*Problem details*. Transcribe the stretch of entries below from the line with "上期回顾:大乐透第20241" through the line with "BLACK CREW SOCKS 12-16 SIZE 6-PACK FRUIT OF", exactly and with both ends included; leave out all other lines.

*Data shown*.
....
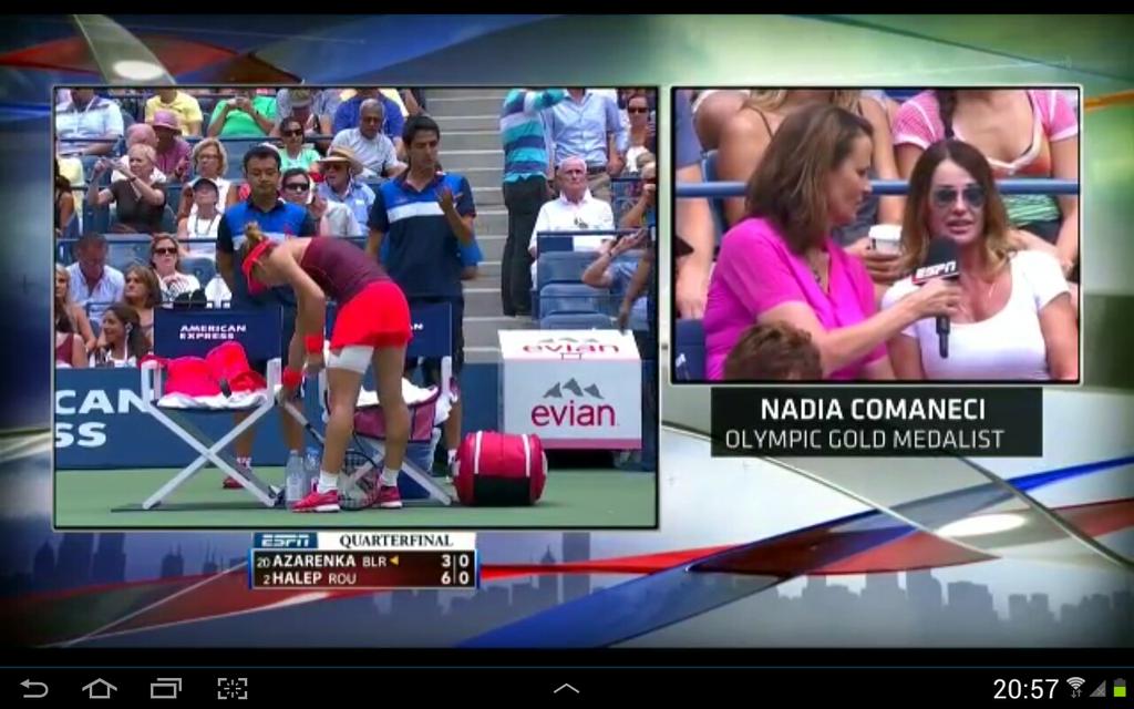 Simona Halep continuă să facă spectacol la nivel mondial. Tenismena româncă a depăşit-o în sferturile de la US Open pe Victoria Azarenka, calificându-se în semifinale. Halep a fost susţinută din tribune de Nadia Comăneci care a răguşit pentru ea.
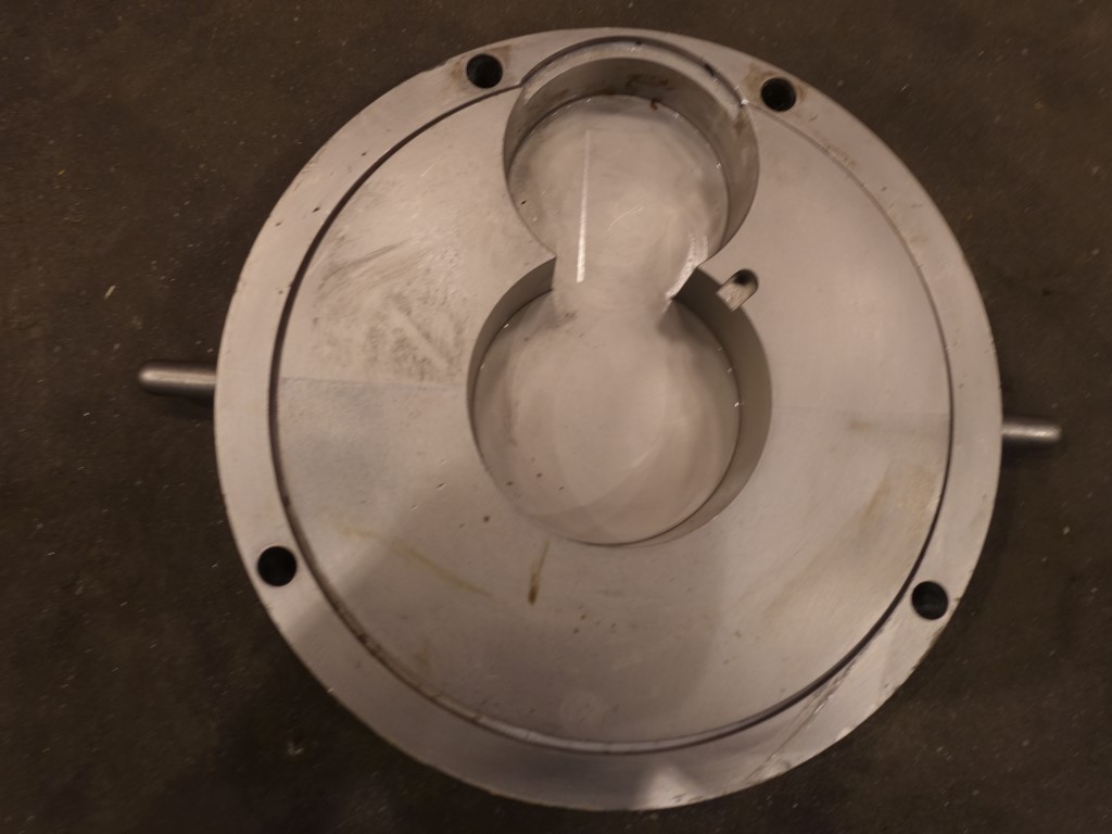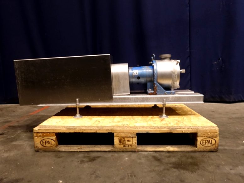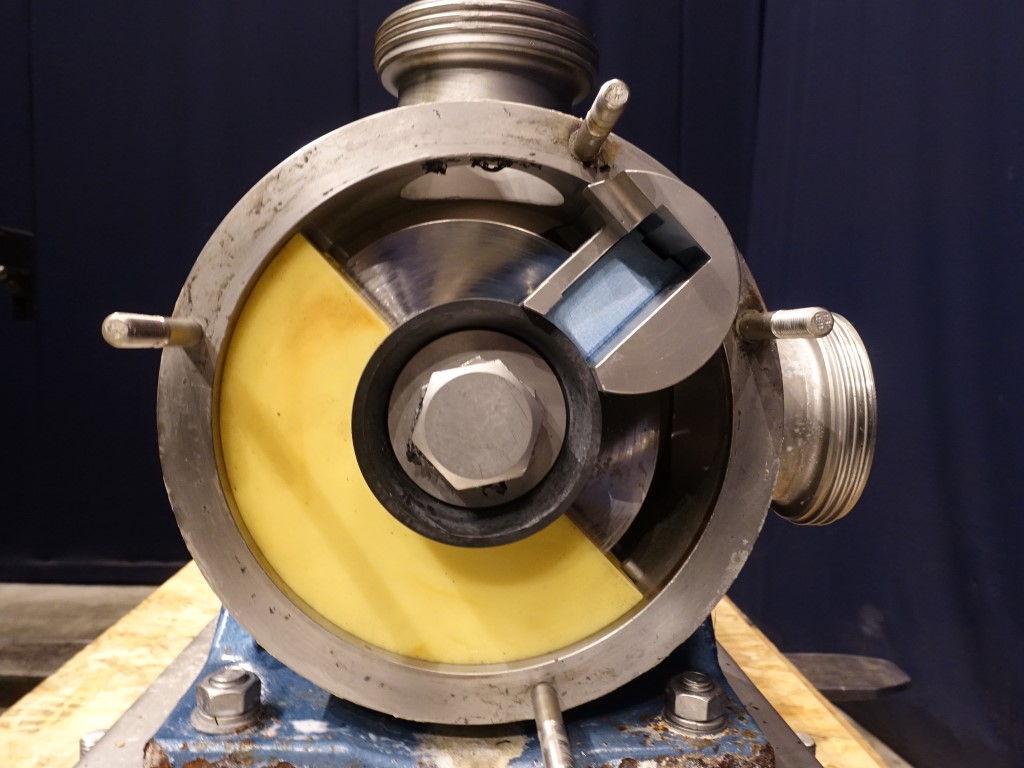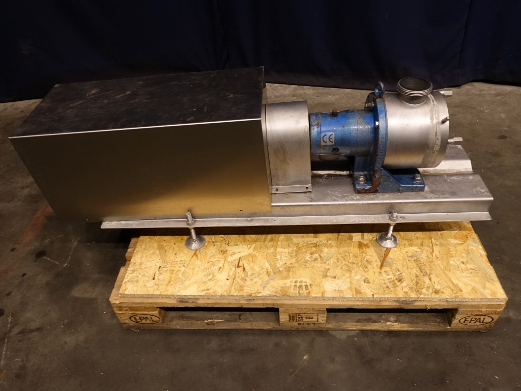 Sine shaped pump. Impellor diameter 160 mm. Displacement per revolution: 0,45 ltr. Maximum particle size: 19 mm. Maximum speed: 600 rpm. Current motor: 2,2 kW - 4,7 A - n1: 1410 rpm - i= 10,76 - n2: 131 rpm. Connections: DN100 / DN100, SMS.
....
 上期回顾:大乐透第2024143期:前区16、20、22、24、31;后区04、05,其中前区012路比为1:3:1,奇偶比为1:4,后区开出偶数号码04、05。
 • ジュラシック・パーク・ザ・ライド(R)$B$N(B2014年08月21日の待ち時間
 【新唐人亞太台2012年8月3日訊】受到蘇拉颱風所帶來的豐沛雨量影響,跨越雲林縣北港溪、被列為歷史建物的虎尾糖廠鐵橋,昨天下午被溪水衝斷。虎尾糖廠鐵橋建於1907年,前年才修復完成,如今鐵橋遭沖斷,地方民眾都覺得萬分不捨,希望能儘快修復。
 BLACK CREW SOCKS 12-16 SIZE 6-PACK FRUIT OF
....
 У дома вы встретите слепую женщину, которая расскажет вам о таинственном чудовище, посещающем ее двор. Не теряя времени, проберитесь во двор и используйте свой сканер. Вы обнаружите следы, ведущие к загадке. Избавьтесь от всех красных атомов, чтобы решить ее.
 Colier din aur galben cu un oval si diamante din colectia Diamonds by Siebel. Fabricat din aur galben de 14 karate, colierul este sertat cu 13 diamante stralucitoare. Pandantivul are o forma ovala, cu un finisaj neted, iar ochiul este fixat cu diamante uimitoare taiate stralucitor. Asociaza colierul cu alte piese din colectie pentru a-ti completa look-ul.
....
*Solution*.
 上期回顾:大乐透第2024143期:前区16、20、22、24、31;后区04、05,其中前区012路比为1:3:1,奇偶比为1:4,后区开出偶数号码04、05。
 • ジュラシック・パーク・ザ・ライド(R)$B$N(B2014年08月21日の待ち時間
 【新唐人亞太台2012年8月3日訊】受到蘇拉颱風所帶來的豐沛雨量影響,跨越雲林縣北港溪、被列為歷史建物的虎尾糖廠鐵橋,昨天下午被溪水衝斷。虎尾糖廠鐵橋建於1907年,前年才修復完成,如今鐵橋遭沖斷,地方民眾都覺得萬分不捨,希望能儘快修復。
 BLACK CREW SOCKS 12-16 SIZE 6-PACK FRUIT OF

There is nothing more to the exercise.